Industrial Production and Capacity Utilization are not
normally attention grabbers, so they won't have much
influence. Housing Starts / Permits, though is very
important, and our best guess is that it will slow,
perhaps quite a bit, both because of higher rates, and
because of problems coping with weather induced seasonal
shifts. If it stays strong, one half point is likely.

And, of course, if the Consumer Price Index is strong,
one half point is a virtual given. So, it is a very close
call - one quarter point continuing the trend, or one
half point to send a message. At times like this, items
at the margin come into play - say foreign exchange and the
weak Euro, and political considerations in an election year.

So, if we had to put odds on it, we'd go with 60% for one
quarter point, 40% for one half.

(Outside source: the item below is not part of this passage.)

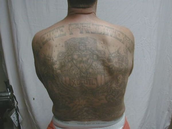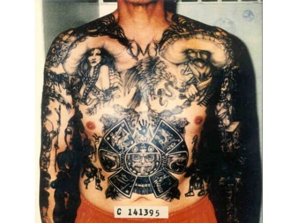 The elaborate tattoo of the Aztec calendar on this inmate is a common symbol on many Hispanic prisoners. Much more significant is the "M" just below his throat, which marks him as a member of "La Eme", the Mexican Mafia prison gang. Also note that the snake in the eagle's beak is in the shape of an "M."

But, the important point
for the markets, over the slightly longer term than next week,
is not the actual outcome of the vote, but whether or not
the FRB can engineer a soft landing.

In such a situation, the best advice is to stay focused on
the macro picture even as the markets remain volatile !

Current Weekly Calendar of Economic Data:
=========================================

Monday:
Tuesday: FOMC Meeting, Industrial Production /
Capacity Utilization, Housing Starts /
Permits, Consumer Price Index
Wednesday:
Thursday: Jobless Claims, FOMC Minutes, Philadelphia
Federal Reserve Board (FRB) Index
Friday: International Trade, Univ. of Michigan
Consumer Sentiment Survey



To: Ditchdigger who wrote (19881)5/13/2000 12:11:00 PM
From: LAWRENCE C.  Respond to of 29382
 
DD, have been doing well on my short term trades in EMC and ORCL. I did well with TFS too.
Lucky Lawrence



To: Ditchdigger who wrote (19881)5/16/2000 8:23:00 PM
From: Sergio H  Read Replies (1) | Respond to of 29382
 
DD, Oh wherefore art thou Ditchdigger? Reading material for you while you're on sabbatical. Morningside featured one of the Janus Funds today:

quicktake.morningstar.com

Sergio

ps I don't plan on watching the market daily for the next few months. Let's enjoy the spring and summer y'all. Lets pick good stocks and let them ride.